2022-09-17 09:47:59 By : Mr. Aaron Zhai

Swedes yesterday began voting in legislative elections that would either pave the way for an unprecedented right-wing government supported by the far right or a third straight mandate for the ruling Social Democrats.

Opinion polls have predicted a close race with a razor-thin lead for Swedish Prime Minister Magdalena Andersson’s Social Democrats and the left bloc, following a campaign dominated by rising gang shootings and soaring electricity prices.

At a voting station in Stockholm’s Central Station, 34-year-old IT worker Erwin Marklund said he was concerned about the rise of the far right and had voted for the small Left Party.

“It’s important to not get the far right into the system,” he told reporters.

The right-wing bloc has never before agreed to cooperate with the nationalist and anti-immigration Sweden Democrats, long treated as pariahs by other political parties.

The far right has leaped to second place in opinion polls behind the Social Democrats in the final weeks of the campaign, credited with about one-fifth of votes.

Their surge — overtaking the traditional leaders of the right-wing bloc, the conservative Moderates — was attributed to an election race focused on issues close to their voters, including crime, segregation and the integration of immigrants.

However, Andersson, 55, hopes to hang onto power with the support of the small Left, Center and Green parties.

Speaking to reporters at a rally on the eve of the vote, she said she hoped she had convinced voters “that the Social Democrats are a party for ordinary people, for workers, with good safety nets, good jobs and a good future.”

Andersson, whose party has dominated Swedish politics since the 1930s, enjoys broad support among Swedes.

She has consistently led her challenger for the post of prime minister, Moderates leader Ulf Kristersson, by a wide margin in opinion polls.

Yet pollsters put the two blocs in an almost dead heat, predicting 49.7 to 51.6 percent of voter support for the left and 47.6 to 49.4 percent for the right.

Kristersson is the architect behind a major U-turn for the right wing.

He launched exploratory talks with the Sweden Democrats in 2019 and deepened their cooperation before the two other small right-wing parties, the Christian Democrats and to a lesser extent the Liberals, followed suit.

“As it stands, we have two fairly clear blocs,” political scientist Katarina Barrling told reporters, adding that it should be fairly easy to predict the next prime minister after election night.

However, both blocs are beset by internal divisions that could make for laborious negotiations to build a coalition government.

The previous 2018 election resulted in a four-month stalemate that ended with the Social Democrats forming a minority government.

That would be a nightmare scenario this time around.

In addition to a looming economic crisis, Sweden is in the delicate process of joining NATO and is due to take over the EU presidency next year.

“The pressure to have a united and effective government is larger today than in the last election”, Barrling said.

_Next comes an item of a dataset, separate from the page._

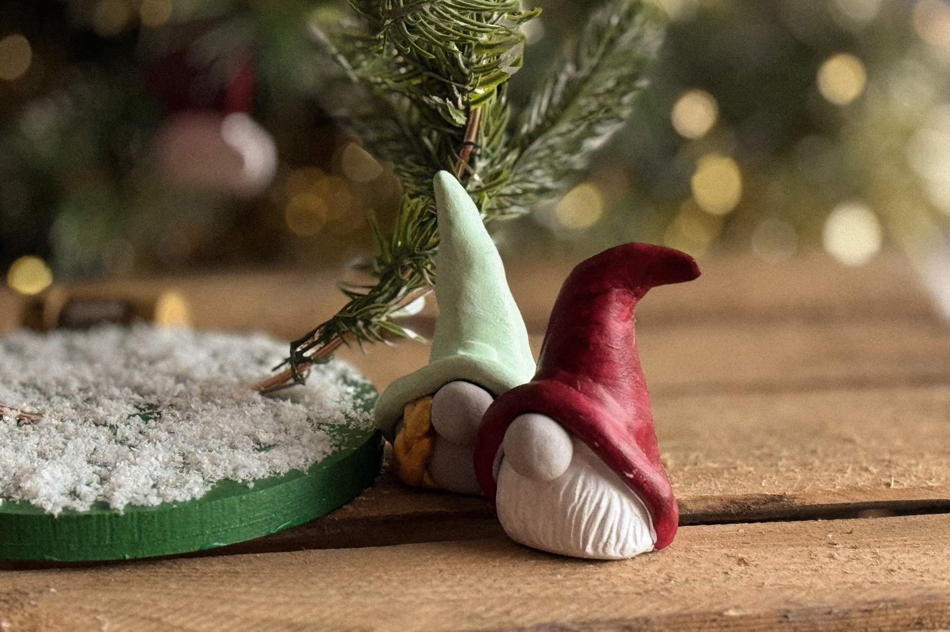 Der Metallring wird mit künstlichen Tannenzweigen, stimmungsvollen LED-Lichtern und zwei niedlichen Gnomen aus lufttrocknender Modelliermasse dekoriert. Perfekt für alle, die gerne einen Gnom mit Licht oder einen Gnom aus Ton basteln und ihre kreative Seite ausleben möchten.

The end of the Sweden Democrats’ political isolation, and the prospect of it becoming the biggest right-wing party, is “an enormous shift in Swedish society,” said Anders Lindberg, an editorialist at left-wing tabloid Aftonbladet.

Born out of a neo-Nazi movement at the end of the 1980s, the Sweden Democrats entered parliament in 2010 with 5.7 percent of votes. They won 17.5 percent in 2018.

The party’s surge comes as Sweden struggles to combat escalating gang shootings attributed to battles over the drugs and weapons market.

The country tops European statistics for firearm deaths.